Si muove entro questi confini Arnaud Bernard, che attinge alla filmografia francese per costruire un percorso di ricerca, visiva e psicologica, attorno al personaggio di Manon Lescaut, eroina tutta francese creata dalla penna di Antoine François Prévost nel 1731; il romanzo “Histoire du Chevalier Des Grieux et de Manon Lescaut”, giudicato scandaloso all’epoca, ispirò ben tre compositori nella seconda metà del XIX secolo. Daniel-François-Esprit Auber, Jules Massenet, Giacomo Puccini: a loro, ma soprattutto alle tre Manon, è dedicata la grandiosa soggettiva che apre la Stagione 2024/2025 del Teatro Regio di Torino.

La Manon di Puccini, terza in ordine cronologico, è in realtà la prima messa in scena al Regio (dove, nel 1893, trovò il proprio felicissimo debutto, cui seguì la definitiva consacrazione del Giacomo nazionale dopo un tiepido successo, Le Villi, e un disastro completo, Edgar).

Torino, città del Cinema all’ombra della Mole, diventa, dunque, set cinematografico, in grado di spaziare dal cinema muto ai lungometraggi anni Sessanta della ribellione femminile, al realismo poetico degli anni Trenta e Quaranta del Novecento: l’onirico surrealismo del sodalizio di Marcel Carné e Jacques Prévert si intreccia al tema dell’amour fou velato di sadismo di Henri-George Clouzot, che trasporta la vicenda della sua Manon nell’epoca devastata della Seconda Guerra mondiale e della fondazione di Israele immediatamente seguente…il deserto palestinese in cui la protagonista muore accende il finale di sfumature religiose che richiamano il destino di lei, inizialmente destinata al convento, proprio come l’analoga Terra promessa americana si fa prigione, e poi tomba, nell’opera di Puccini.
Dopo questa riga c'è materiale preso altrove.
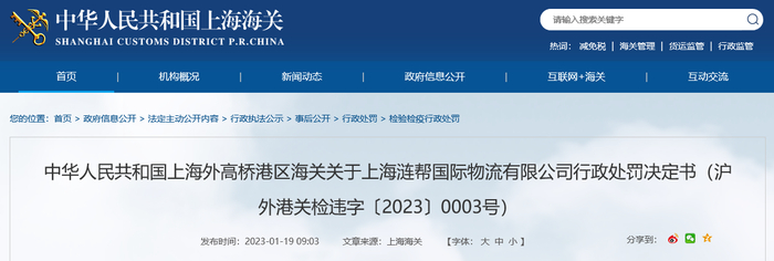 中国质量新闻网讯 2023年1月19日,上海海关网站发布上海外高桥港区海关关于上海涟帮国际物流有限公司行政处罚决定书(沪外港关检违字〔2023〕0003号)。
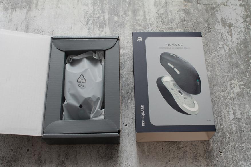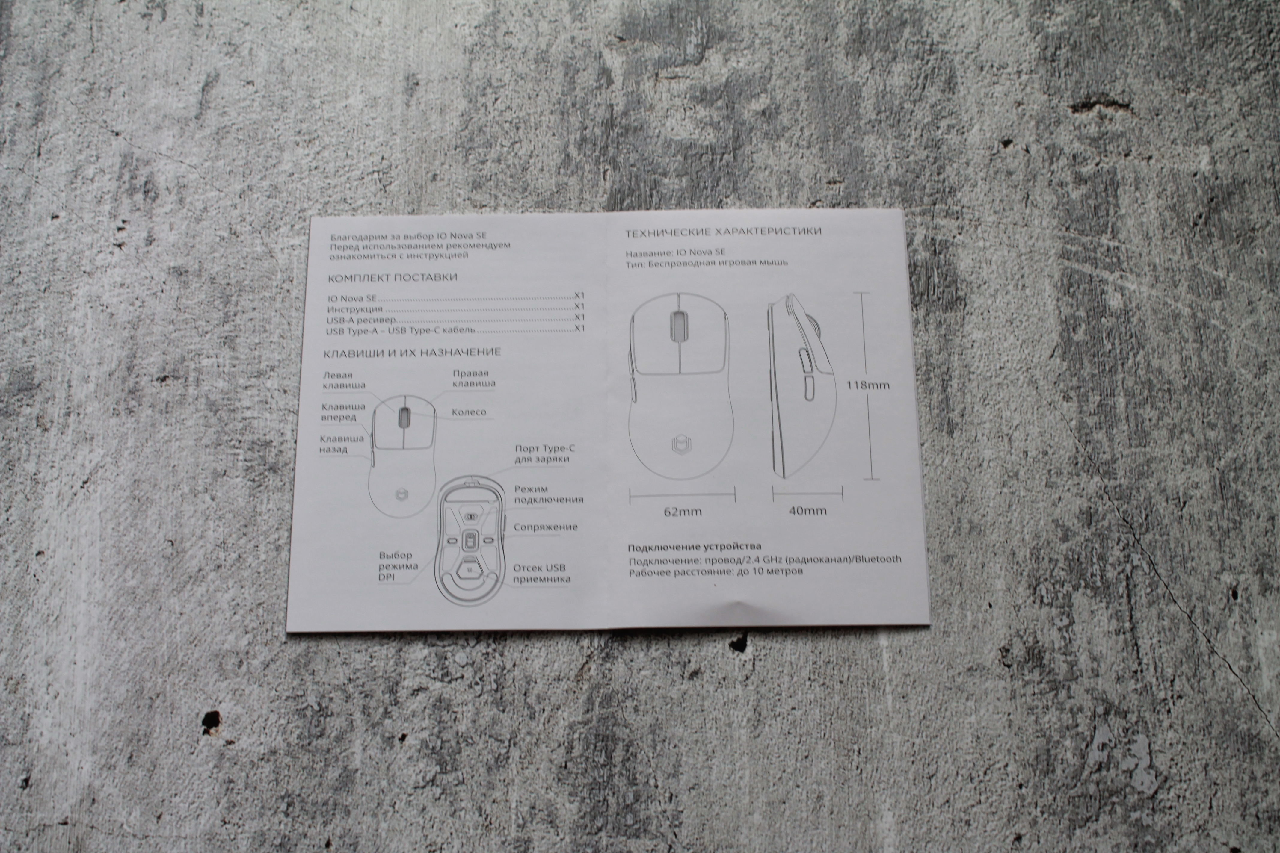 Поставляется игровая мышь IO Nova SE в весьма солидной, для данной стоимости, упаковке. Хоть компания и направляет все средства на создание хорошей и недорогой продукции, но на упаковке они точно не экономили. На лицевой части коробки имеется цветное изображение мыши, в том цвете, в котором и была приобретена. Данная модель имеет два цвета, светло-серый и темно-серый. На оборотной части коробки имеются технические характеристики данной модели. В комплектацию входит, только самое необходимое, а именно мышь IO Nova SE, руководство по использованию, беспроводной адаптер, кабель USB-C. Также хочу отметить, что компания планирует выпустить набор с аксессуарами, в который войдут: тефлоновые накладки, стикер IO, стеклянные накладки, грипсы для создания индивидуального дизайна.
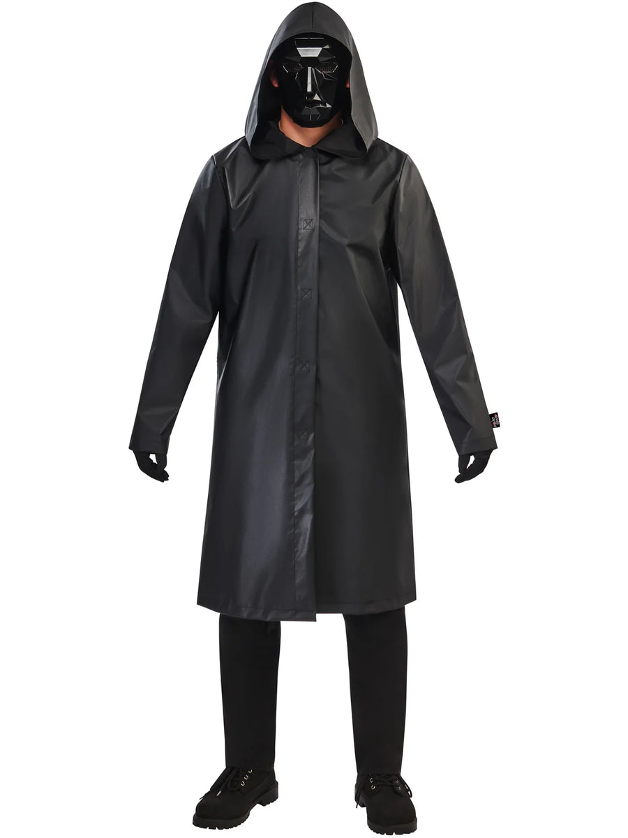 Mask Design: The mask is shaped like a smooth, blank face with no visible expression. This helps emphasize the authoritative, mysterious nature of his role.
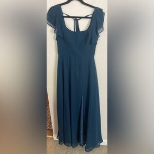 Bondi is our gorgeous bridesmaid dress cut from chiffon. She features a square neckline with flutter sleeves and a self tie scoop back. The look is complete with an A-line skirt paired with a leg slit.

Un connubio che funziona, dunque, alla perfezione, così come la citazione letterale di “Les enfants du paradis” di Carné (la traduzione italiana “Amanti Perduti” restituisce ben poco dello spirito originario, che allude invece ai ragazzi che occupano il loggione, il posto più in alto del teatro); finzione, vita, teatro, maschere si mescolano, velano e svelano attorno alla protagonista, contesa dagli uomini, sfuggente nell’amore.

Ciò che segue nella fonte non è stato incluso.